Exercise description: In the records below, the lines between the one holding "De E-step wordt" and the one holding "自主品牌市占率近4年以每年一", inclusive, are to be transcribed exactly; no pictures are to be included.

Material for the task:
--- START ---

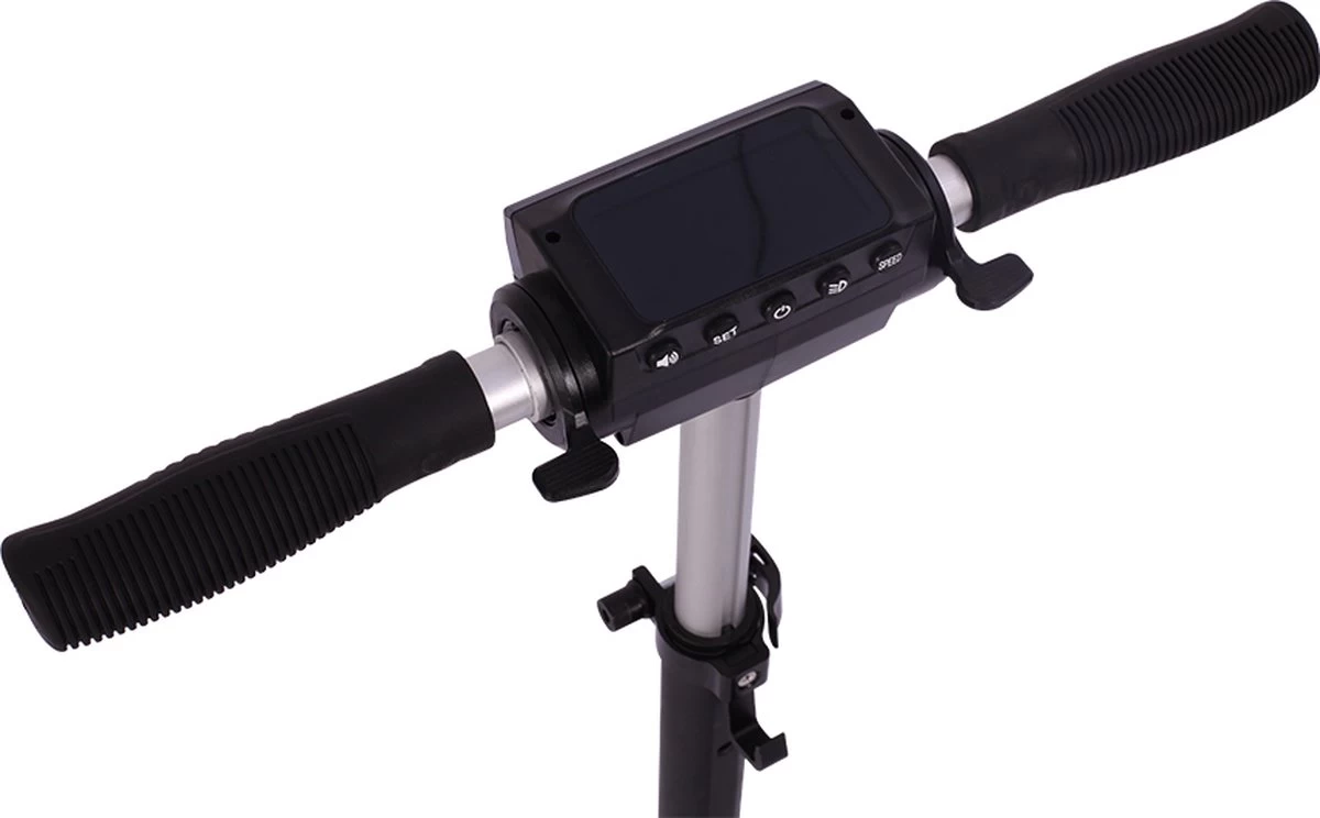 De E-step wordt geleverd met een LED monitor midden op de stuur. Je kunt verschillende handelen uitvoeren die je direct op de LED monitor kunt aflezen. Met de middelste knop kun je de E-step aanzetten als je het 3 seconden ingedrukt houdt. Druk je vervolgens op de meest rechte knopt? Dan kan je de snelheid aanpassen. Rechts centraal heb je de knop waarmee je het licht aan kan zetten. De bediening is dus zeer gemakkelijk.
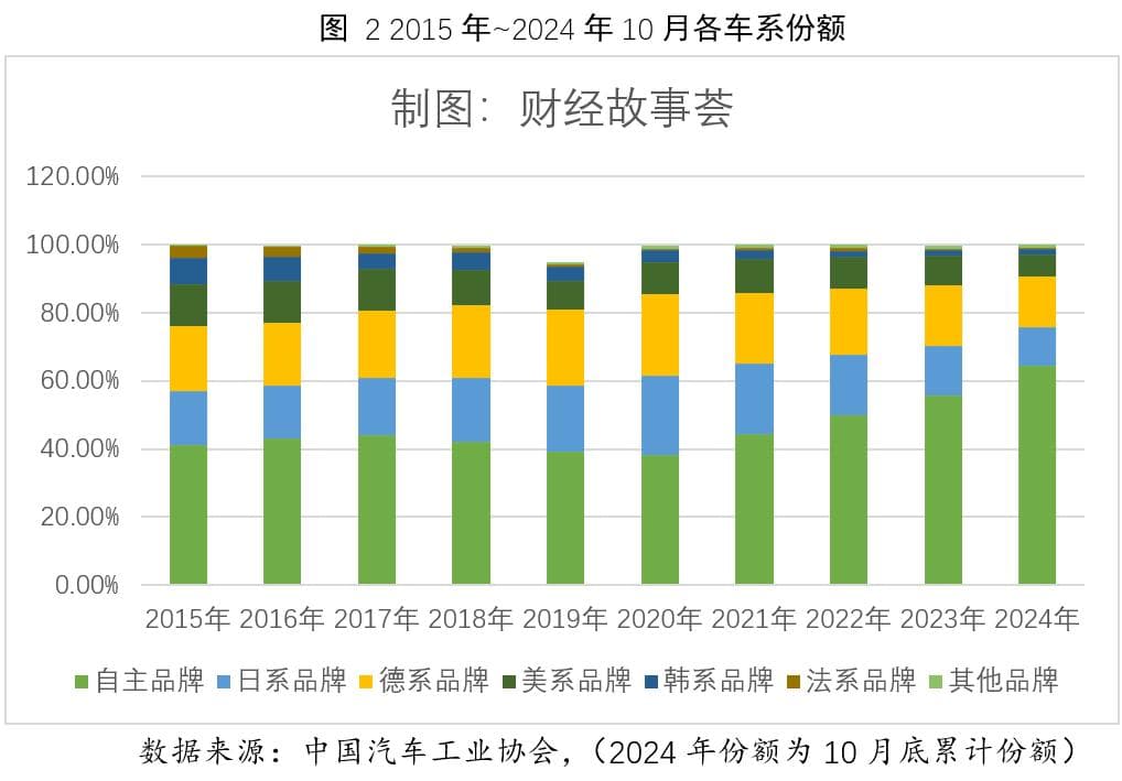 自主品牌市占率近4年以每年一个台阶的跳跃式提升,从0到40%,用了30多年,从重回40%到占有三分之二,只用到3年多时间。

--- END ---
--- START ---

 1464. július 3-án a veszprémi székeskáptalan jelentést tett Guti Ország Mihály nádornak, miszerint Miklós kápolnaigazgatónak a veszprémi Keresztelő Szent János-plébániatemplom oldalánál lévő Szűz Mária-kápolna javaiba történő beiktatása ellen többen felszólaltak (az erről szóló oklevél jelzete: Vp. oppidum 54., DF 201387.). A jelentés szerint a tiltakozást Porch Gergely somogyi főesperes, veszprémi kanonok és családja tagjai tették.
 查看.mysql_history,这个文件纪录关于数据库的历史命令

--- END ---

Answer below:
 De E-step wordt geleverd met een LED monitor midden op de stuur. Je kunt verschillende handelen uitvoeren die je direct op de LED monitor kunt aflezen. Met de middelste knop kun je de E-step aanzetten als je het 3 seconden ingedrukt houdt. Druk je vervolgens op de meest rechte knopt? Dan kan je de snelheid aanpassen. Rechts centraal heb je de knop waarmee je het licht aan kan zetten. De bediening is dus zeer gemakkelijk.
 自主品牌市占率近4年以每年一个台阶的跳跃式提升,从0到40%,用了30多年,从重回40%到占有三分之二,只用到3年多时间。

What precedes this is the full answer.